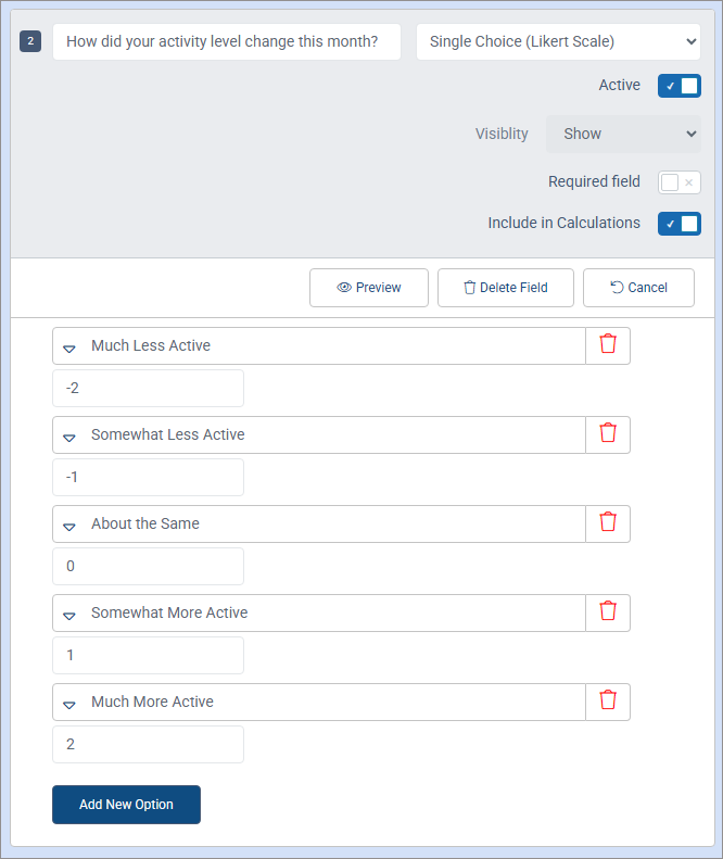 The list of answers is entered just below the question, in the Answer Choice fields. Start with the first answer, click Add New Option, and continue with the rest of the choices. In this example, a Likert Scale field is used, which automatically includes numeric values for each field option. For radio button and dropdown fields, there will be an option to "Enable numerical values for options" in the field properties. For numeric fields and option fields with numeric values, you can choose "Include in Calculations" if these fields will be part of a formula.
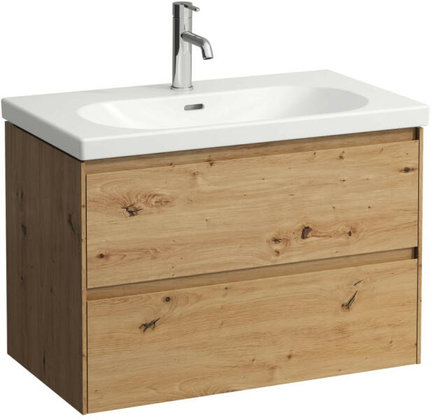Laufen Lani tölgy színű alsószekrény 78,4x44,2x51,5 cm, két fiókkal H4035521122671 Laufen H8100870001041, H8100870001041 és H8103360001041 mosdó variációihoz Telepítés: falra Súly: 29 kg Alapanyag: MDF 19 mm-es Szín: tölgy Felület: PVC fólia Méret: 78,4x44,2x51,5 cm Kivitel: dupla fiók Fiókok belső színe: antracit Integrált fogantyúval, fékezett záródással (soft-close
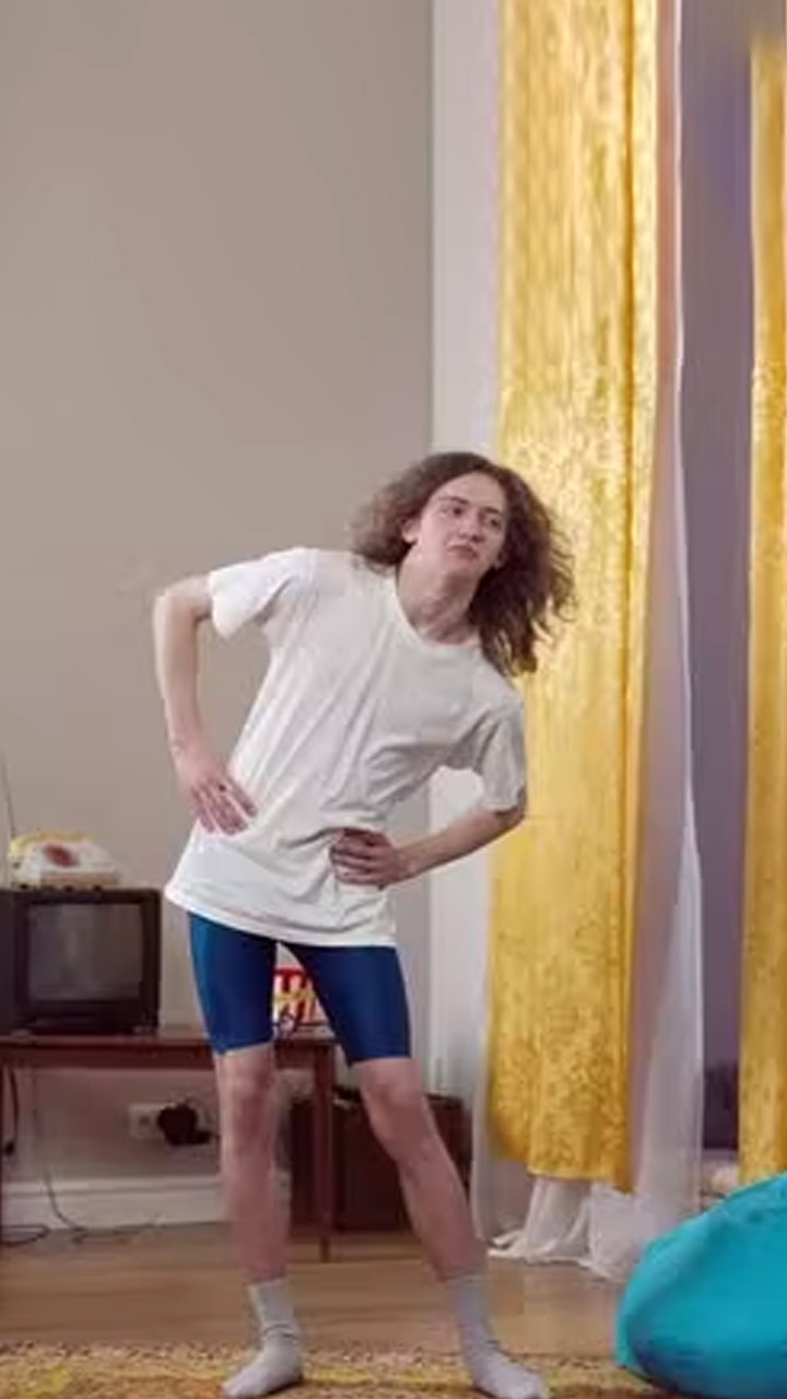 Hip circles are an exercise to loosen the muscles of your lower back. Place your hands around your hips and move them in a circular motion.

### Exercise aim
Return the whole listing word for word. Pictures stay out of it.

### Solution to this task
 The list of answers is entered just below the question, in the Answer Choice fields. Start with the first answer, click Add New Option, and continue with the rest of the choices. In this example, a Likert Scale field is used, which automatically includes numeric values for each field option. For radio button and dropdown fields, there will be an option to "Enable numerical values for options" in the field properties. For numeric fields and option fields with numeric values, you can choose "Include in Calculations" if these fields will be part of a formula.
Laufen Lani tölgy színű alsószekrény 78,4x44,2x51,5 cm, két fiókkal H4035521122671 Laufen H8100870001041, H8100870001041 és H8103360001041 mosdó variációihoz Telepítés: falra Súly: 29 kg Alapanyag: MDF 19 mm-es Szín: tölgy Felület: PVC fólia Méret: 78,4x44,2x51,5 cm Kivitel: dupla fiók Fiókok belső színe: antracit Integrált fogantyúval, fékezett záródással (soft-close
 Hip circles are an exercise to loosen the muscles of your lower back. Place your hands around your hips and move them in a circular motion.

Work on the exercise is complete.